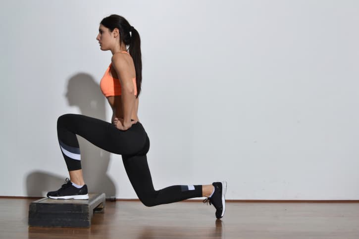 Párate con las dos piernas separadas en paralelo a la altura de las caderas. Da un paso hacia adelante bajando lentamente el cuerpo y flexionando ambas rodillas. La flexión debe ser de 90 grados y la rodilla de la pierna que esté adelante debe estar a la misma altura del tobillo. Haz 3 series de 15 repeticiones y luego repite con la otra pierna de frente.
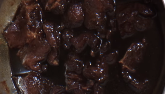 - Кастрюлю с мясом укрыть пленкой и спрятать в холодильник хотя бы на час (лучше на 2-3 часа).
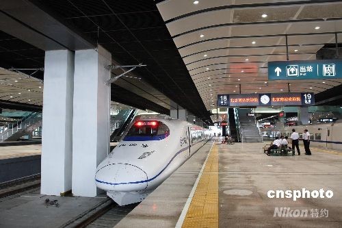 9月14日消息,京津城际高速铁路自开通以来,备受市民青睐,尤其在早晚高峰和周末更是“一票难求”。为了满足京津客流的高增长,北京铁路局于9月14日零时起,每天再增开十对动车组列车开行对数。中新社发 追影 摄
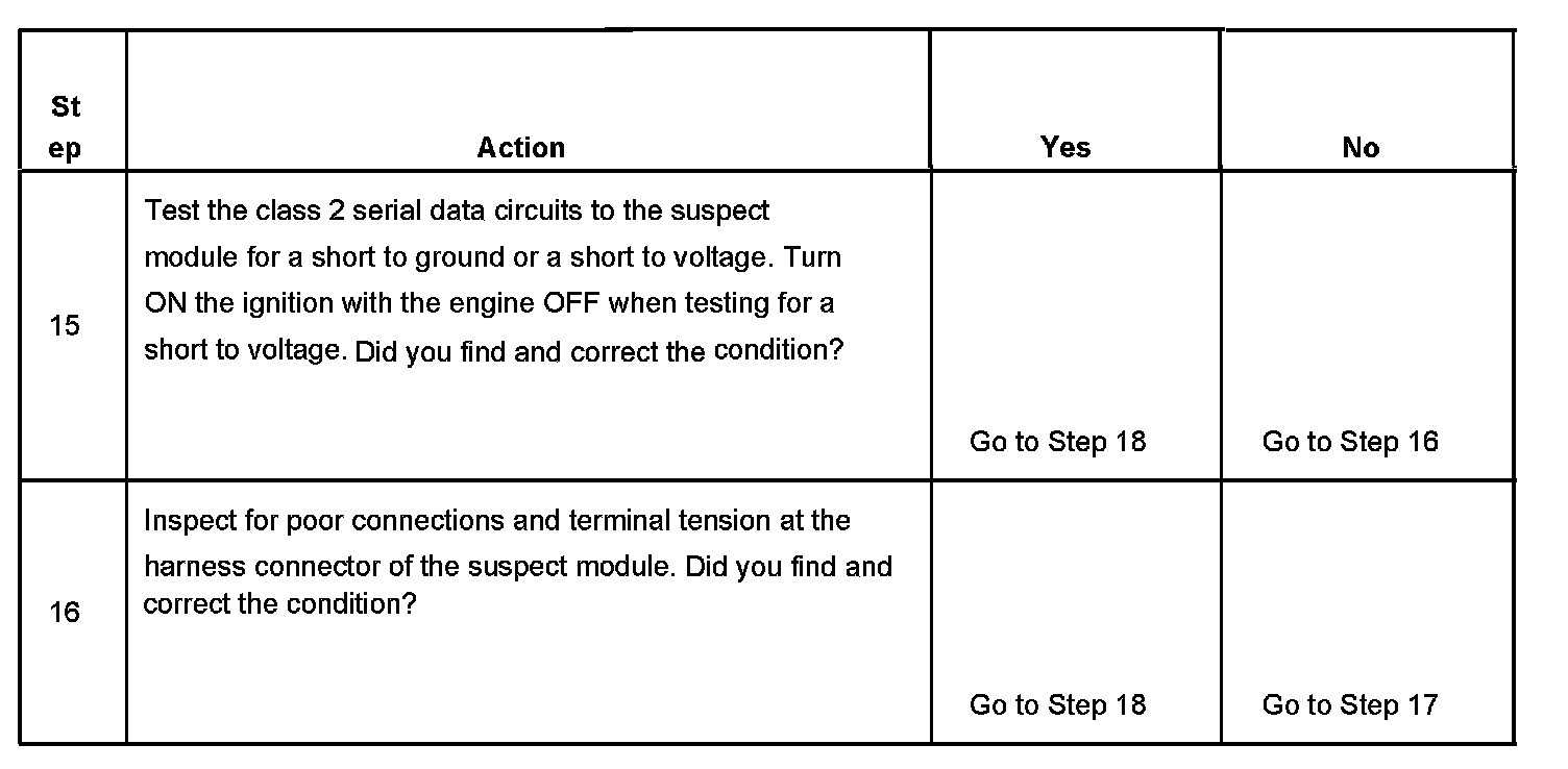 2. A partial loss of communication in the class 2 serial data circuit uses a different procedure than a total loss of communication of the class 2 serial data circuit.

---

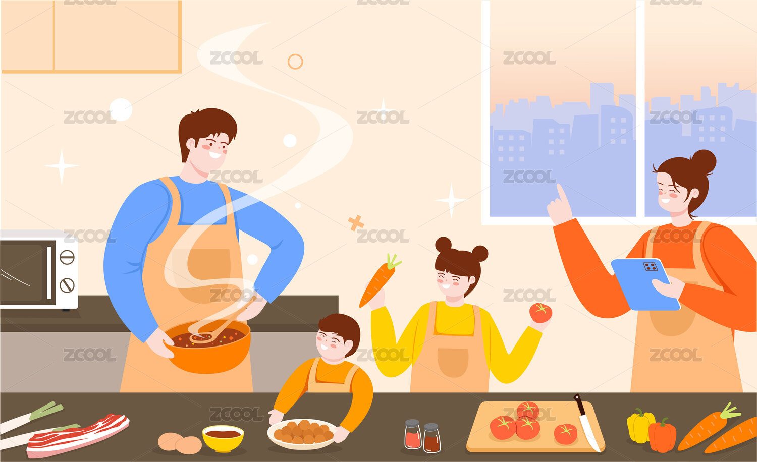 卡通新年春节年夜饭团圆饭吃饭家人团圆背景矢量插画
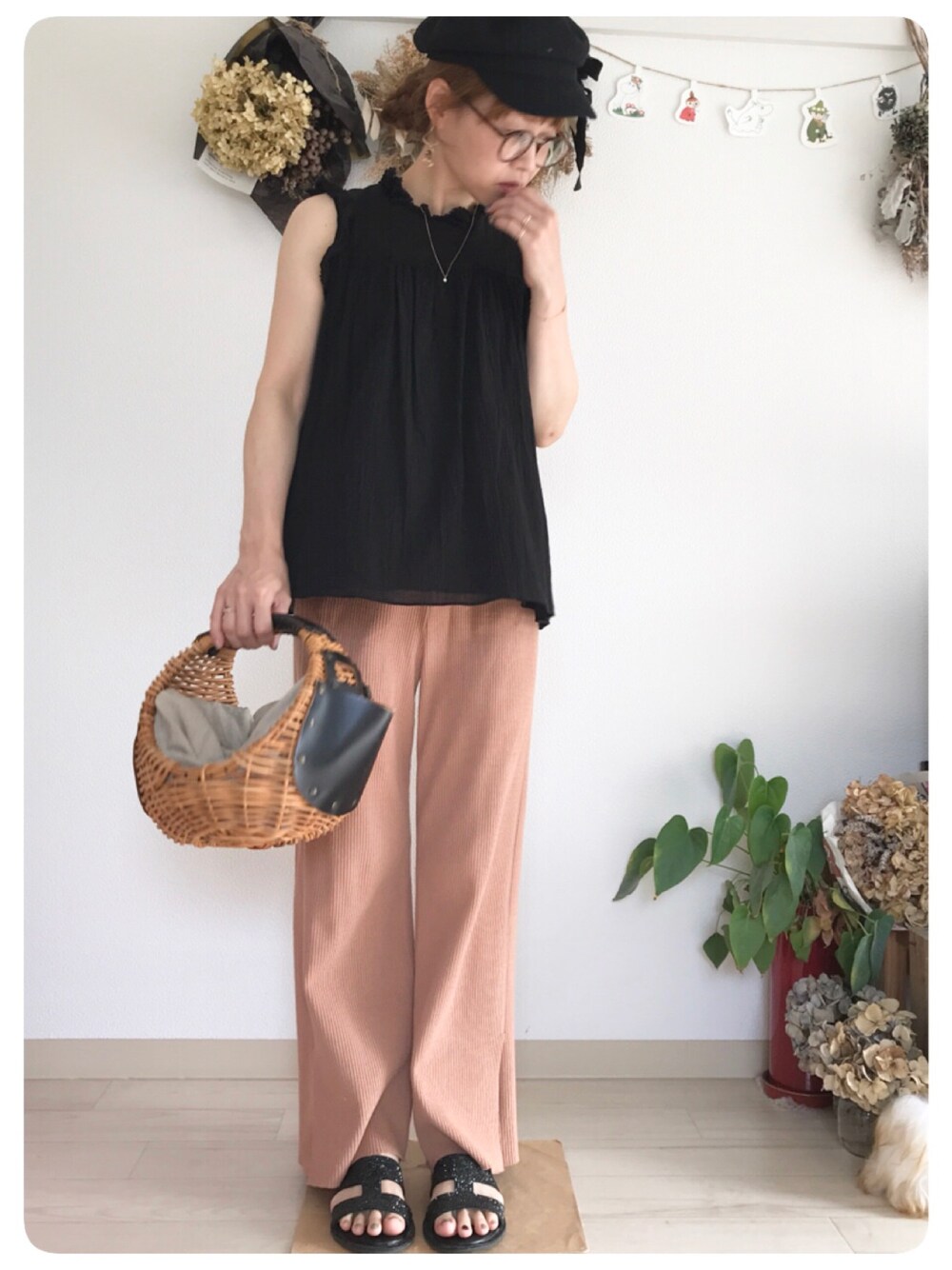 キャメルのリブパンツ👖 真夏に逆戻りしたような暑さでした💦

• _WHAT YOU HAVE TO DO_: Your reply is to be an exact repeat of the listing above from the line holding "- Кастрюлю с" down to the line holding "2. A partial", ends included, pictures excluded.

• _REPLY_:
 - Кастрюлю с мясом укрыть пленкой и спрятать в холодильник хотя бы на час (лучше на 2-3 часа).
 9月14日消息,京津城际高速铁路自开通以来,备受市民青睐,尤其在早晚高峰和周末更是“一票难求”。为了满足京津客流的高增长,北京铁路局于9月14日零时起,每天再增开十对动车组列车开行对数。中新社发 追影 摄
 2. A partial loss of communication in the class 2 serial data circuit uses a different procedure than a total loss of communication of the class 2 serial data circuit.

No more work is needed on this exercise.